Come cambierà la Professione Infermieristica in Italia dopo la Pandemia da Coronavirus? Lo abbiamo chiesto a Tonino Aceti, portavoce della Federazione Nazionale Ordini Professioni Infermieristiche (FNOPI), che è stato molto chiaro nelle sue risposte, motivato anche dalle carenze e dalla resilienza della categoria negli ultimi mesi. Lo abbiamo fatto in occasione della Giornata Internazionale dell’Infermiere. Vediamo cosa ci ha risposto.

Gli Infermieri italiani sono messi a dura prova dall’emergenza coronavirus. Oltre 9600 sono gli infetti acclarati da Covid-19 e, secondo un nostro calcolo in 35 sono deceduti, senza dimenticare in collega Generico. Quali sono secondo lei i motivi di questi grandi numeri?

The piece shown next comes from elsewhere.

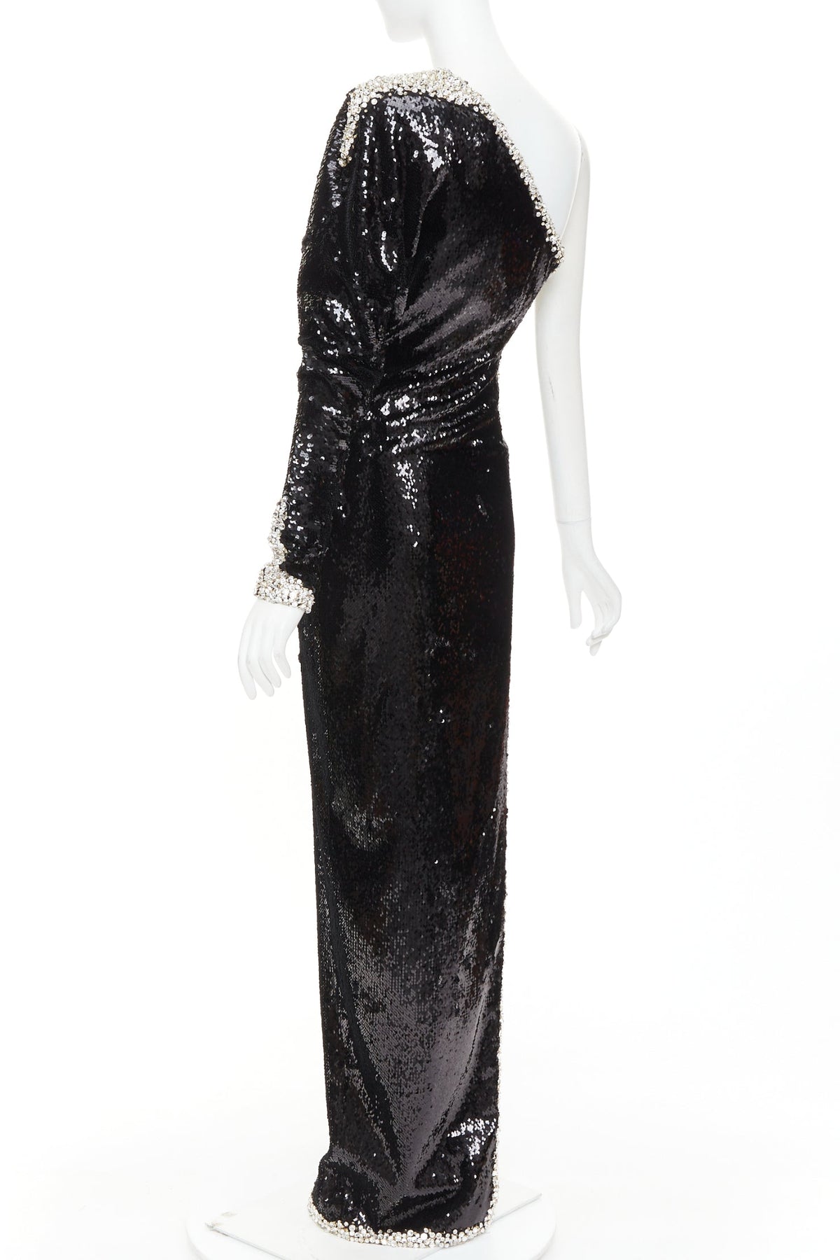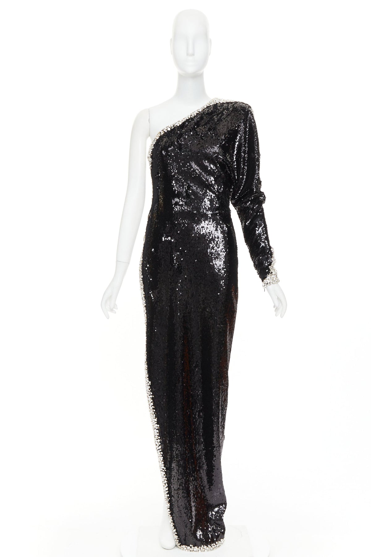 Extra Details: The gown is crafted from a fluid stretch-jersey base that is entirely encrusted with shimmering black micro-sequins. It features a sophisticated one-shoulder neckline and a single long sleeve with structured shoulder padding. A defining feature is the silver glass crystal rhinestone glass that runs along the edge of the asymmetrical neckline and continues down a dramatic, thigh-high side slit and at sleeve cuff. The dress is designed with a form-fitting, body-conscious cut that cinches at the waist to create a sculptural silhouette.

Mi sembra abbastanza ovvio ormai: i rifornimenti di DPI sono stati oggetti di rilevanti criticità dal punto di vista della tempistica della distribuzione/consegna. Anche con alcune difficoltà iniziali legate alla tipologia dei dispositivi inviati, più adatti spesso alla popolazione che non agli operatori sanitari.

Questo è un problema che, come per la normale rilevazione di casi e decessi, porta uno strascico di positivi che viene da più lontano: gli infermieri anche se numericamente sono sempre pochi rispetto alle necessità, non hanno mai smesso di essere presenti accanto ai cittadini e ai malati e le conseguenze sono anche queste.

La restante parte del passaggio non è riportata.